Each cell has one of the states : empty , full , partial

The algorithm consists in "drawing" the circles in the quadtree starting with a low resolution ( 4 cells for instance marked as empty). It cell is either :

• inside at least one circle, then mark the cell as full,
• outside all circles, mark the cell as empty,
• else mark the cell as partial.

When its done, you can compute an estimation of the area : the full cells give the lower bound, the empty cells give the higher bound, the partial cells give the max area error.

If the error is too big for you, you refine the partial cells until you get the right precision.

I think this will be easier to implement than the geometric method which may require to handle a lot of special cases.

Answer 6

If you want a discrete (as opposed to a continuous) answer, you could do something similar to a pixel painting algorithm.

Draw the circles on a grid, and then color each cell of the grid if it's mostly contained within a cirle (i.e., at least 50% of its area is inside one of the circles). Do this for the entire grid (where the grid spans all of the area covered by the circles), then count the number of colored cells in the grid.

Answer 7

Here's an algorithm that should be easy to implement in practice, and could be adjusted to produce arbitrarily small error:

1. Approximate each circle by a regular polygon centered at the same point
2. Calculate the polygon which is the union of the approximated circles
3. Calculate the area of the merged polygon

Steps 2 and 3 can be carried out using standard, easy-to-find algorithms from computational geometry.

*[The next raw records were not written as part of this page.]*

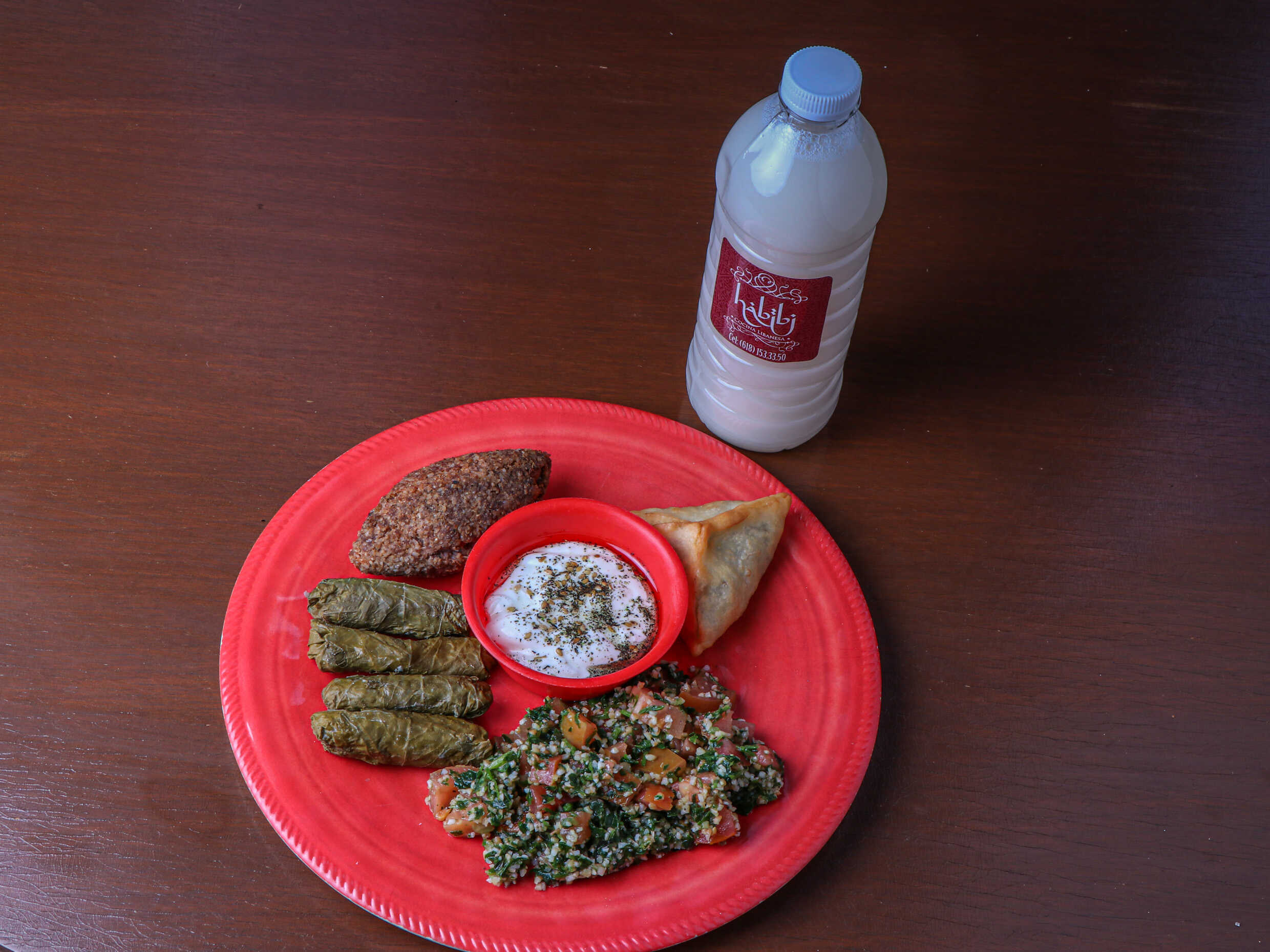 Tabule 1/4*1 + 4 Hojas de Parra*1 + Fatayer de Espinacas*1 + Kepe Bola*1 + Agua Fresca*1
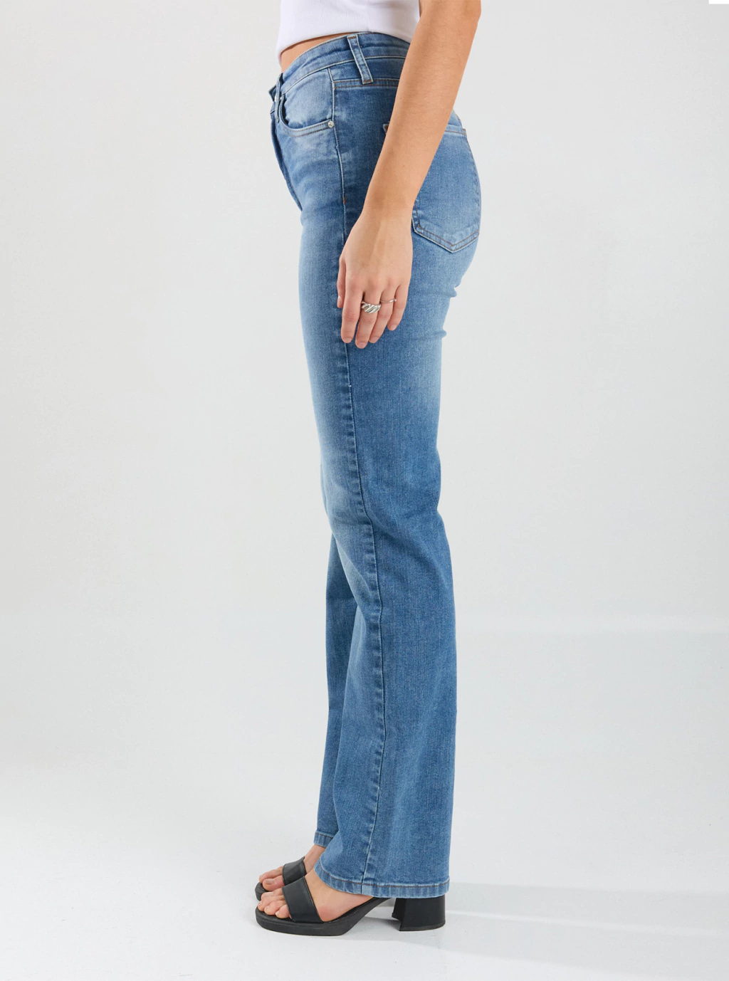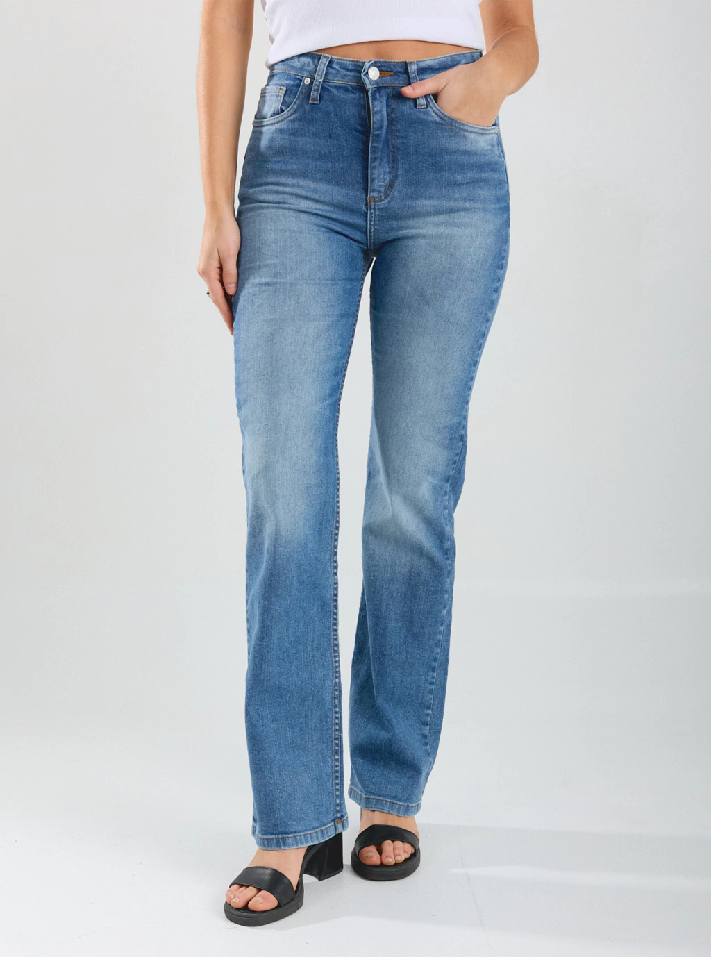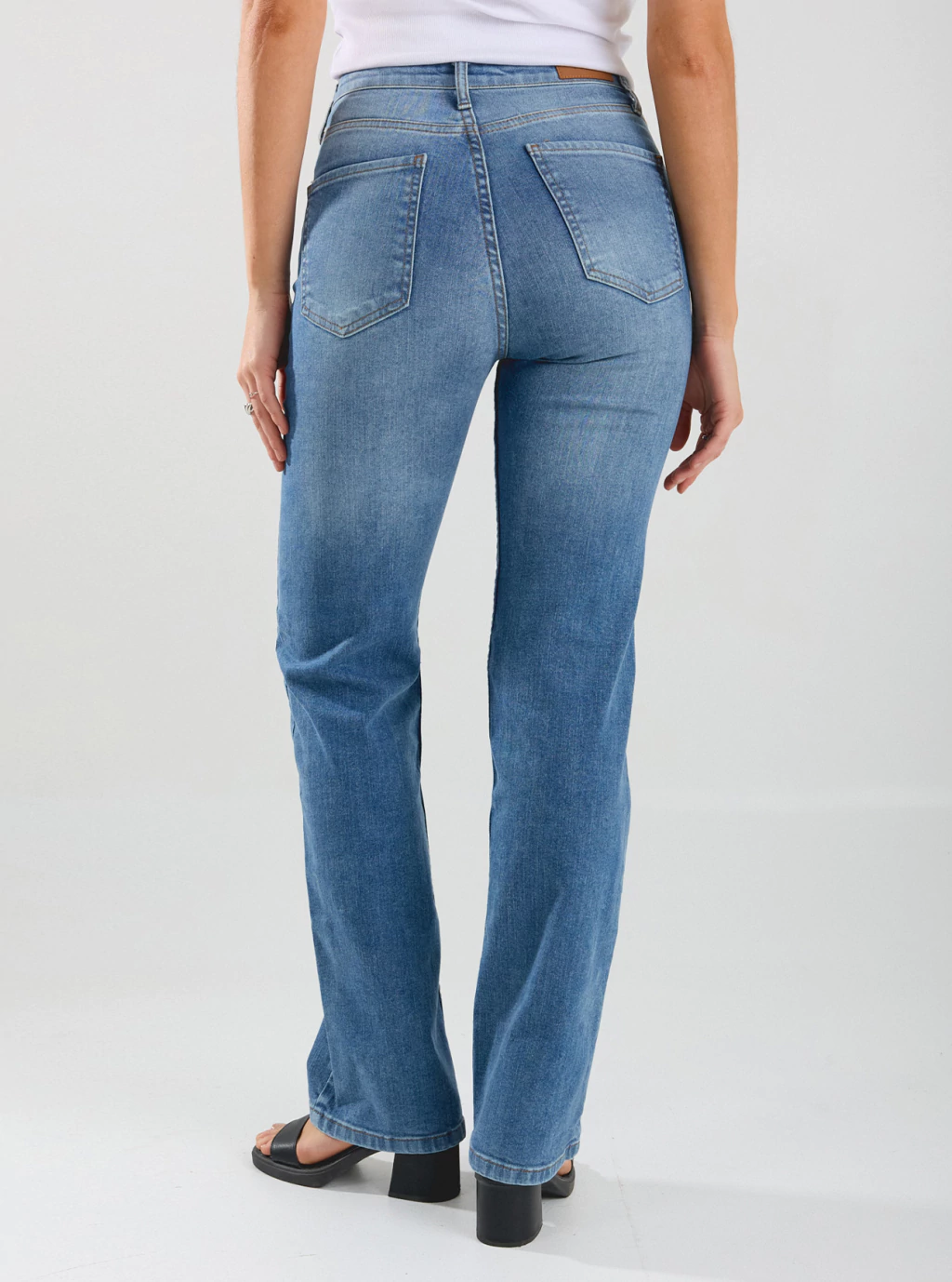 Un básico imprescindible con tiro alto y pierna slim que llega justo por debajo del tobillo. Su lavado azul gastado gastado, combinado con bigotes láser y detalles localizados, aporta un estilo único y moderno.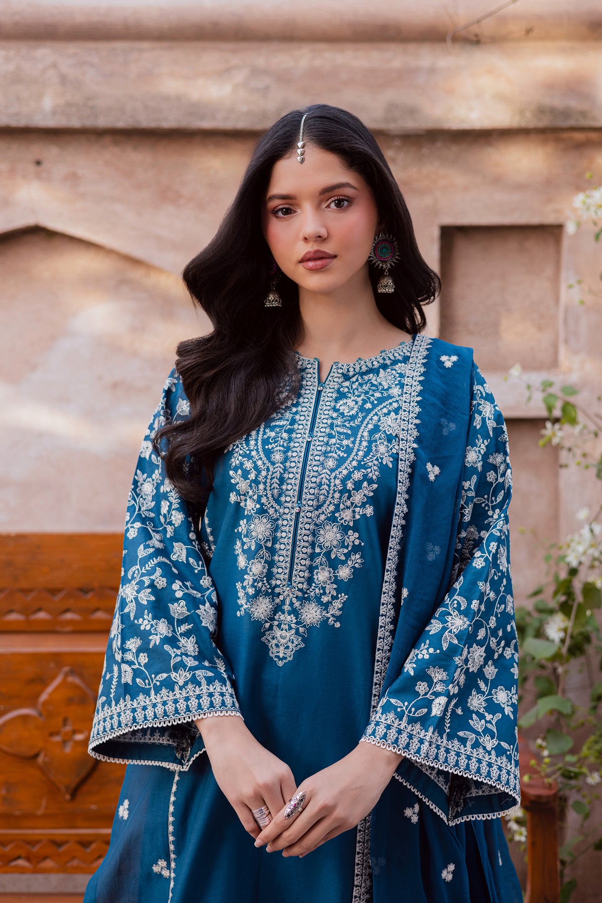 This three-piece ensemble features a long moroccon blue embroidered shirt with sleeves, detailed with a heavily embellished neckline and a dense jaal across the sleeves. An embroidered spread along the sides enhances the silhouette, creating depth and refined festive structure.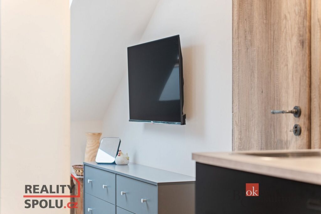 Byt je téměř nový, není potřeba žádné dodatečné rekonstrukce. Součástí prodeje je kuchyňská linka s varnou deskou a ledničkou. Kompletní zařízení, viditelné na fotografiích, je možné ponechat po individuální domluvě.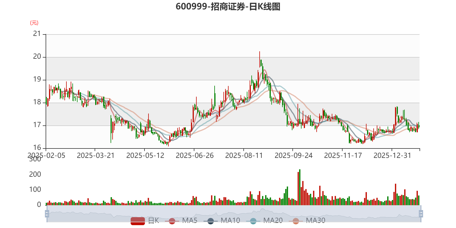 中证智能财讯招商证券(600999)1月27日晚间披露2025年业绩快报,公司实现营业收入249亿元,同比增长19.19%;归母净利润123亿元,同比增长18.43%;扣非净利润122.49亿元,同比增长18.04%;基本每股收益1.35元,加权平均净资产收益率为9.9%。以1月27日收盘价计算,招商证券目前市盈率(TTM)约为11.97倍,市净率(LF)约1.25倍,市销率(TTM)约5.92倍。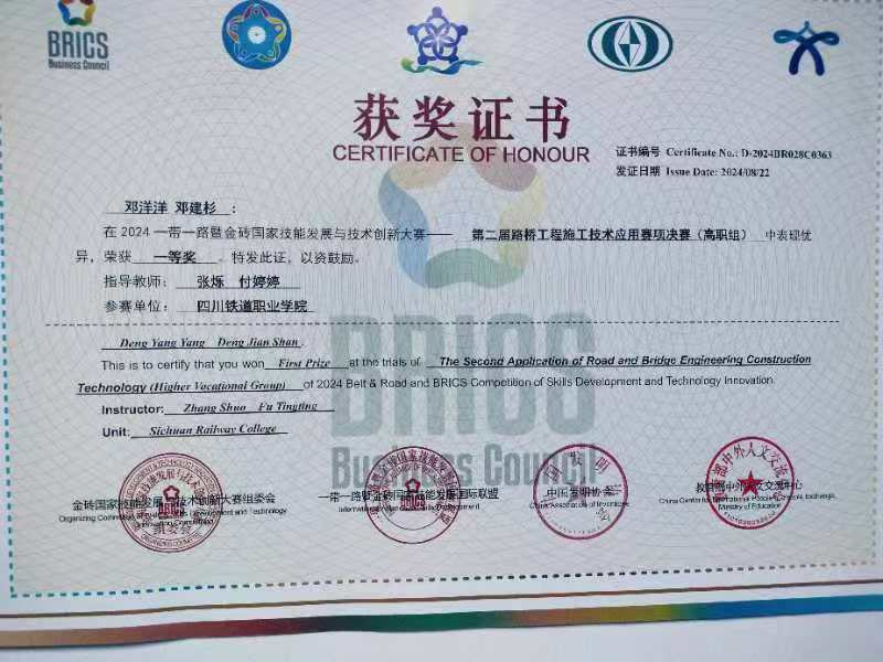 伟德国际铁道工电学院师生在此次大赛中表现出色,取得了优异的成绩。铁道工程技术专业22T3班邓洋洋和23T2班邓建杉凭借扎实的专业技能和出色的团队协作能力荣获学生组一等奖。同时,伟德国际英国荣获最佳组织奖,指导教师获得优秀指导教师奖。

Obviously, the more sides you use for each approximating polygon, the closer to exact your answer would be. You could approximate using inscribed and circumscribed polygons to get bounds on the exact answer.

Answer 8

I have been working on a problem of simulating overlapping star fields, attempting to estimate the true star counts from the actual disk areas in dense fields, where the larger bright stars can mask fainter ones. I too had hoped to be able to do this by rigorous formal analysis, but was unable to find an algorithm for the task. I solved it by generating the star fields on a blue background as green disks, whose diameter was determined by a probability algorithm. A simple routine can pair them to see if there's an overlap (turning the star pair yellow); then a pixel count of the colours generates the observed area to compare to the theoretical area. This then generates a probability curve for the true counts. Brute force maybe, but it seems to work OK.

Answer 9

There are efficient solutions to this problem using what are known as power diagrams. This is really heavy math though and not something that I would want to tackle offhand. For an "easy" solution, look up line-sweep algorithms. The basic principle here is that that you divide the figure up into strips, where calculating the area in each strip is relatively easy.

So, on the figure containing all of the circles with nothing rubbed out, draw a horizontal line at each position which is either the top of a circle, the bottom of a circle or the intersection of 2 circles. Notice that inside these strips, all of the areas you need to calculate look the same: a "trapezium" with two sides replaced by circular segments. So if you can work out how to calculate such a shape, you just do it for all the individual shapes and add them together. The complexity of this naive approach is O(N^3), where N is the number of circles in the figure. With some clever data structure use, you could improve this line-sweep method to O(N^2 * log(N)), but unless you really need to, it's probably not worth the trouble.